13

55 13 2
                                    

Sepanjang perjalanan menuju kantor, Harry tidak pernah melepaskan genggaman tangannya pada tangan Abel. Mereka berdua semakin mesra layaknya pasangan baru, walaupun memang benar kenyataannya bahwa hubungan mereka masih terbilang baru.

Belum ada kata-kata cinta yang terlontar dari mulut masing-masing untuk satu sama lain. Mereka hanya lebih dekat, selayaknya pasangan suami istri pada umumnya.

Sesampainya di kantor Harry, pria itu langsung berlari kecil ke sisi Abel untuk membukakan pintu. Setelah kembali menggenggam tangan Abel, Harry melemparkan kunci mobilnya ke satpam yang biasa memarkirkan mobil Harry jika ia malas berjalan jauh.

"Pagi, Pak Harry. Pagi juga, Dek Isabelle." Sapa petugas resepsionis di balik mejanya.

"Gue dipanggil Dek sama dia, Harry. Dia gak tau aja gue nyonya di sini." Bisik Abel, membuat Harry terkekeh.

"One day, Isa. They'll know."

Mereka terus berjalan hingga tiba di dalam elevator yang kosong. Saat pintunya hampir tertutup, Harry melihat seseorang berlari ke arah elevator. Pun Harry menekan tombol tanda buka sehingga pintu besi tersebut tidak jadi tertutup.

"Makasih, Pak Harry." Rupanya Becca yang datang terburu-buru.

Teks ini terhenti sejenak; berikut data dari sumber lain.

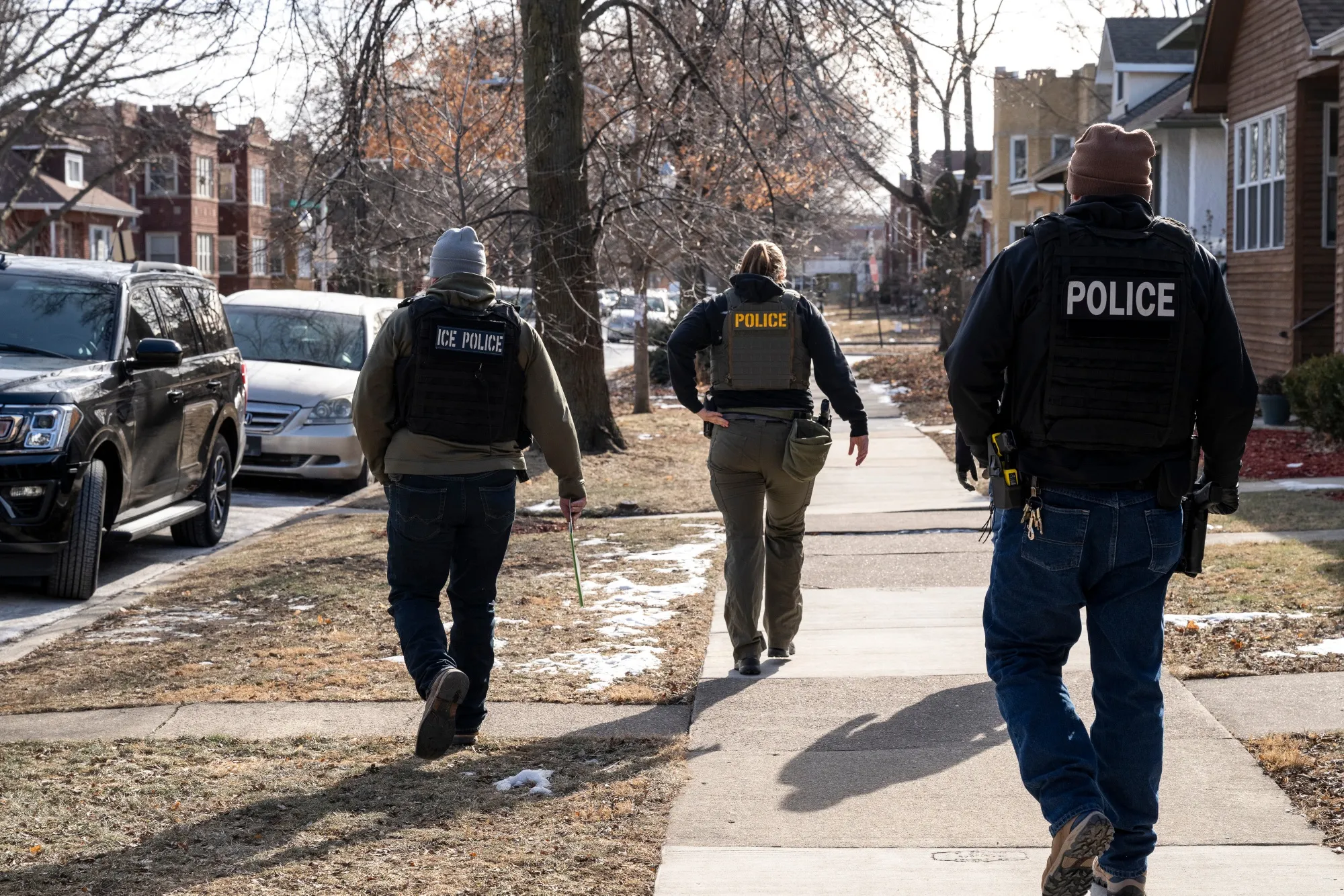 ICE特工在1月26日于芝加哥进行的针对性执法行动中。地方和州执法人员可能很快会根据特朗普的指令参与这些行动。

Harry melepaskan genggamannya dari Abel dan berdiri tegak, bersandar pada dinding sembari elevator membawa mereka naik ke lantai atas.

Canggung.

Sementara Abel, matanya menatap nanar pada Harry. Ia heran kenapa Harry melepaskannya di depan Becca, tapi tidak di depan karyawan lain. Suatu hari mereka akan tau, kata Harry. Namun bagaimana dengan Becca?

"Pak," Panggil Becca, membuat keduanya menoleh pada wanita itu. "Saya masak lebih buat bekal hari ini. Diterima ya, Pak. Semoga suka."

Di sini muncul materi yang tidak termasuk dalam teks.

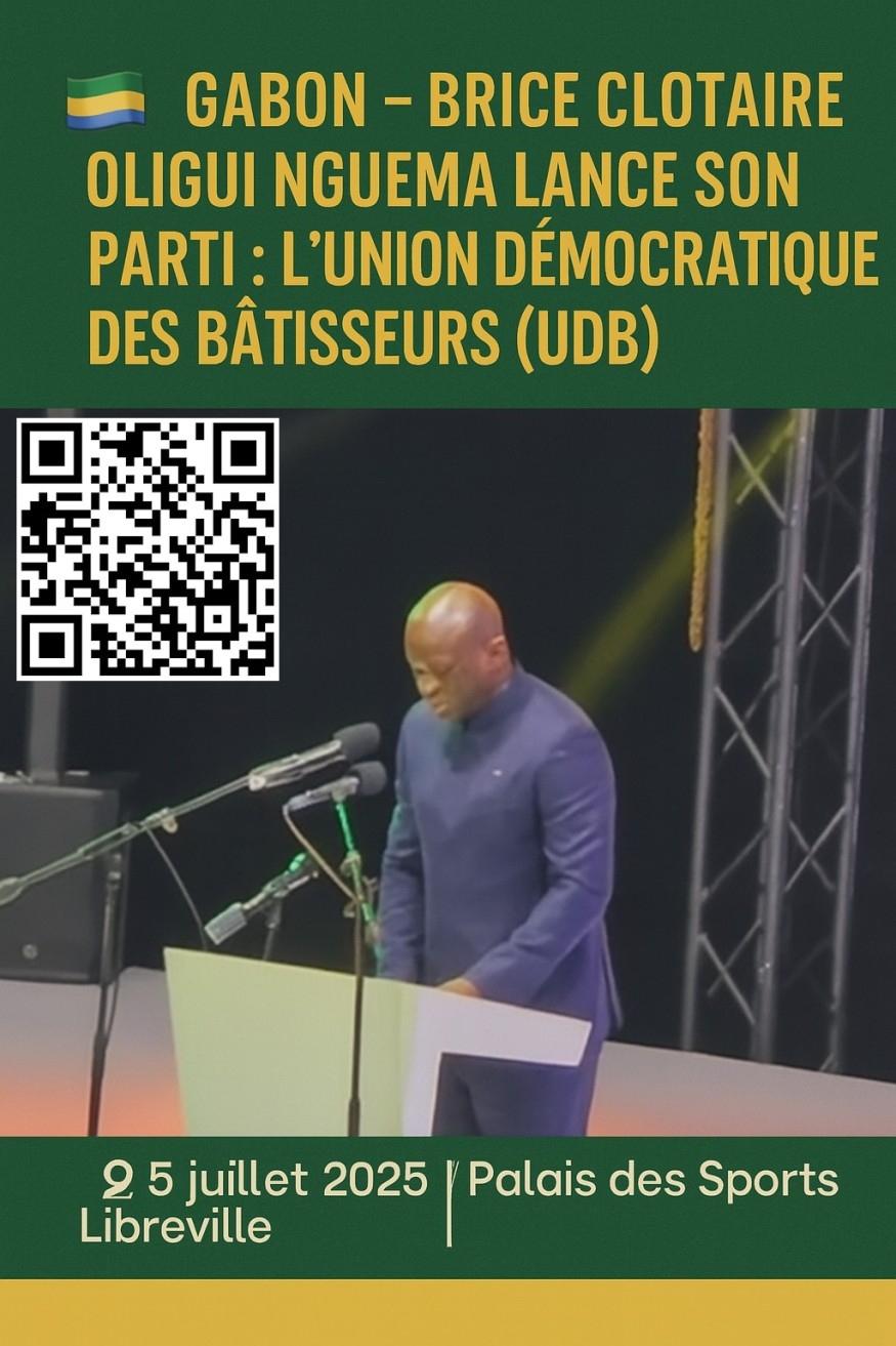 Gabon – Brice Clotaire Oligui Nguema lance son parti : l’Union Démocratique des Bâtisseurs (UDB) Actualité Afrique 2050 05 juillet 2025

Abel memutar bola matanya, menyaksikan kotak makan Becca berpindah tangan ke Harry.

"Terima kasih, Becca." Ujar Harry dengan senyumnya.

"Sama-sama, Pak. Ehm.. tapi porsinya cuma cukup untuk 1 orang, Pak. Saya gak tau kalau keponakan Bapak ikut ke kantor lagi." Becca melirik sekilas pada Abel.

"Oh, gapapa kok, Bec--"

"Gue gak laper juga. Makasih." Abel memotong ucapan Harry.

Becca terlihat memaksakan senyumannya kemudian menunduk, sementara Harry menggaruk tengkuknya yang tidak gatal.

Awal yang sangat tidak baik.

ISABELLE's POV

Kenapa gue semakin benci sama Becca? Dulu, gue bisa aja bersikap bodo amat walaupun gue gak suka sifat genitnya. Tapi sekarang, gue ngerasain ada sesuatu yang bikin gue pengen bilang ke semua orang kalo gue ini istrinya Harry dan Harry suami gue.

Dulu gue bisa terima waktu Harry kenalin gue sebagai ponakan, sekarang gue ngerasa tersinggung.

Gue perhatiin sejak Becca masuk ke dalem elevator, dia selalu curi pandang ke Harry terus senyum-senyum sendiri abis itu.

Belom aja gue colok matanya.

Begitu pintu elevator kebuka, gue jalan lebih dulu dari Harry sama Becca. Gue gak mau lama-lama di ruangan yang cuma ada Harry sama Becca doang.

Samar-samar gue denger Becca sama Harry ngomong sesuatu, tapi gak gue gubris karena gue maunya langsung ke ruangan Harry.

"Selamat bekerja, Pak Harry."

Najis.

"Terima kasih, Becca. Kamu juga."

Genit.

Nyampe di ruangan Harry, gue langsung buka pintunya terus sengaja gue tutup agak kasar. Gue gak tau kalo Harry ngikutin gue di belakang, jadinya hidung dia kena pintu waktu gue tutup. Biar aja. Biar tambah belang hidungnya.